Aimara, a housewife, spent four nights at a hotel in Cayo Coco
accompanying her boyfriend — a man from the Venezuelan state of Falcon
who works for a branch of PDVSA, his country's state petroleum monopoly
— in Cienfuegos province.

"Thanks to my boyfriend, my daughter and I have been able to enjoy a
nice vacation. Before, our options would have been renting a cabin in
the countryside or spending the weekend at the beach. The difference is
striking if you take into account the air-conditioned hotel rooms, all
there is to eat and drink, international TV channels and excellent
service. It feels like being in another country," she says.

This is the ninth time that Nuria, a hooker, has stayed in a hotel on
the Cuban tourist circuit. "The first time was with a Canadian. Now I'll
be staying with an Italian in Cayo Guillermo. It's true that prices are
prohibitive for the vast majority of the population, but in my case I am
not the one paying," she says.

For three years Adela saved up her money for a three-night stay at a
hotel on the keys north of Villa Clara. "I am a manicurist," she says.
"I have a small business where I scraped together enough pesos to pay
for an 'all inclusive.' It's great. It's a shame Cuban workers can't
enjoy this. In Cuba the differences between those who have hard currency
and those who live just on their salaries or pensions keeps getting bigger."

Although only ten percent of Cubans can enjoy a brief stay in an
"all-inclusive" hotel, the amenities they enjoy, the amount of food they
eat and beer they drink have become a topic of conversation among
friends and neighbors.

In a nation without political freedoms or democracy, with a chaotic
infrastructure and poverty-level wages, it is frivolities that capture
the imagination of its citizens, who prefer to talk about consumer
brands, football matches and vacations in luxury hotels than the civil
rights denied them.

The behavior of some compatriots at resort hotels can on occasion be
embarrassing. One seven-person family, including the children, were seen
stuffing all the food they could into plastic shopping bags at the
buffet table of the Melia Las Dunas Hotel in Cayo Santa Maria.

"We've seen less of this type of behavior in the last two or three
years. As a Cuban I can understand it. If you never have beef, seafood,
good quality fish, cheese or cold cuts at home, you get carried away
when you are at a place like this," says a buffet table cook. "As
employees, we don't say anything to them but the managers do. The
employees take home all the food we can or sell it on the black market."

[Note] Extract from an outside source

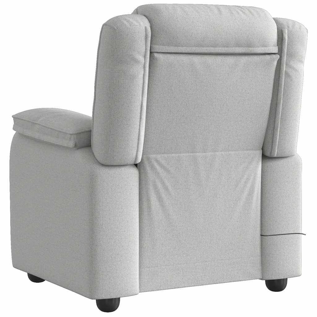 Lehne dich zurück und entspanne dich in diesem äußerst bequemen Massagesessel! Manuelle Liegefunktion: Dieser Ruhesessel lässt sich mittels des Griffs an der rechten Seite verstellen. So kannst du das Fußteil und die Rückenlehne manuell in jede beliebige Position bringen, um höchsten Komfort zu genießen. Die Rückenlehne lässt sich max. 135 Grad nach hinten verstellen. Durch einfaches Ziehen lässt sie sich schnell wieder in die ursprüngliche Position bringen.Vibrationsfunktion: Mit den 6 Massagepunkten kann man eine gezielte Massage genießen. Außerdem ermöglicht die mitgelieferte Handsteuerung die Auswahl verschiedener Massageprogramme. Die Massagefunktion wird über den USB-Anschluss mit Strom betrieben, aber das zugelassene 5V-USB-Netzteil ist nicht im Lieferumfang enthalten.Bequemes Sitzerlebnis: Die dick gepolsterte Sitzfläche, die Rückenlehne und die breiten Armlehnen sorgen für ein behagliches und wohliges Sitzgefühl. Der Bezug aus Stoff weist eine schlichte und saubere Optik auf und ist auch atmungsaktiv und langlebig.Praktische Seitentasche: Dieser Sessel verfügt über eine Seitentasche, in der du deine Fernbedienung oder andere wichtige Sachen griffbereit aufbewahren kannst.Solider und stabiler Rahmen: Der Rahmen aus Holz und Metall sorgt für eine solide Struktur und hohe Stabilität. Dieser TV-Sessel ist bequem und langlebig.

As Selma, a manager at the military-run Gaviota travel chain, explains,
"Many Cubans are able to stay at four or five-star hotels because of the
overseas remittances they receive or because they are invited by family
members living in the United States or Europe. But you cannot ignore
that the fact that the number of Cubans with successful private
businesses has grown dramatically and some of them stay up to three
times a year at tourist resorts."
Although a three-night stay is the equivalent of two-years' salary for a
doctor, Migdalia, who worked for twenty-four months in Africa, believes
it is worth it.

"Since our salaries do not allow us to travel as tourists to other
countries, some of us can have an oasis of abundance at the resorts in
our own country. But I realize that most Cubans still have not
benefitted from the economic reforms," she says.
The government of Fidel Castro created a nation based on equality and
collectivism. In exchange for a doctrinaire education and universal
health coverage, he socialized poverty.

The state used to be the institution that rewarded or punished. Getting
an apartment, a house on the beach or an Aurika washing machine depended
on the degree of loyalty shown to the regime.

Now all that has changed. Public finances are in the red. Tourism in
Cuba is an expensive luxury, to say nothing of tourism overseas. Only
those with the deep pockets of the military bourgeoisie can afford such
an option. Only guys like Antonio Castro and a handful him.